┌──
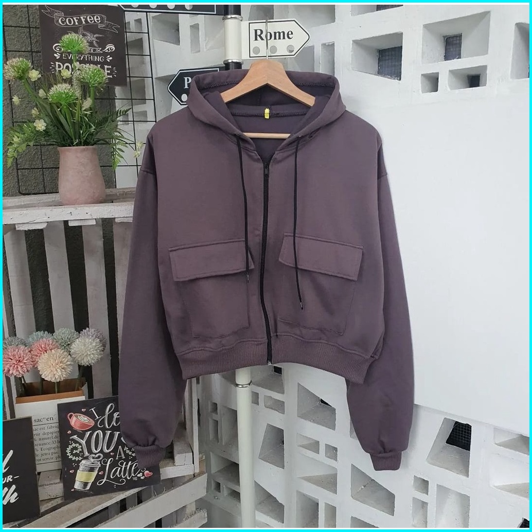 Zarra Croop Hodie Jaket Wanita - Jaket Crope Wanita Casual
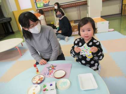 次回の親子サークルは、12月20日(水)です。冬の子ども会(クリスマス会)をするので、9時30分から9時40分までに来てくださいね。楽しいパネルシアターやサンタさんにも会えるかもしれませんよ。お待ちしています。
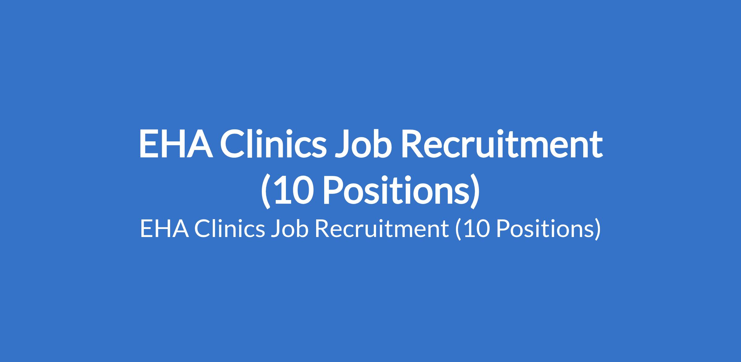 EHA Clinics is recruiting suitable candidates to fill the following positions in Abuja, Lagos and Kano States: Operations Assistant; Registered Nurse; Practice & Quality Assurance Coordinator, Senior Officer, Client Engagement; Laboratory Co-ordinator; Medical Doctor; Pharmacist; Practice & Quality Assurance Coordinator (REACH); and Medical Laboratory Technician.
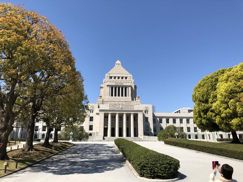 4月13日、修学旅行最終日、国会議事堂に向けてホテルを出発しました。お天気最高です。みんな元気です。
└──
→ How to complete this task
Pictures stay out; reproduce exactly the lines from the one containing "EHA Clinics is" through the end of the data.

→ Written reply
 EHA Clinics is recruiting suitable candidates to fill the following positions in Abuja, Lagos and Kano States: Operations Assistant; Registered Nurse; Practice & Quality Assurance Coordinator, Senior Officer, Client Engagement; Laboratory Co-ordinator; Medical Doctor; Pharmacist; Practice & Quality Assurance Coordinator (REACH); and Medical Laboratory Technician.
 4月13日、修学旅行最終日、国会議事堂に向けてホテルを出発しました。お天気最高です。みんな元気です。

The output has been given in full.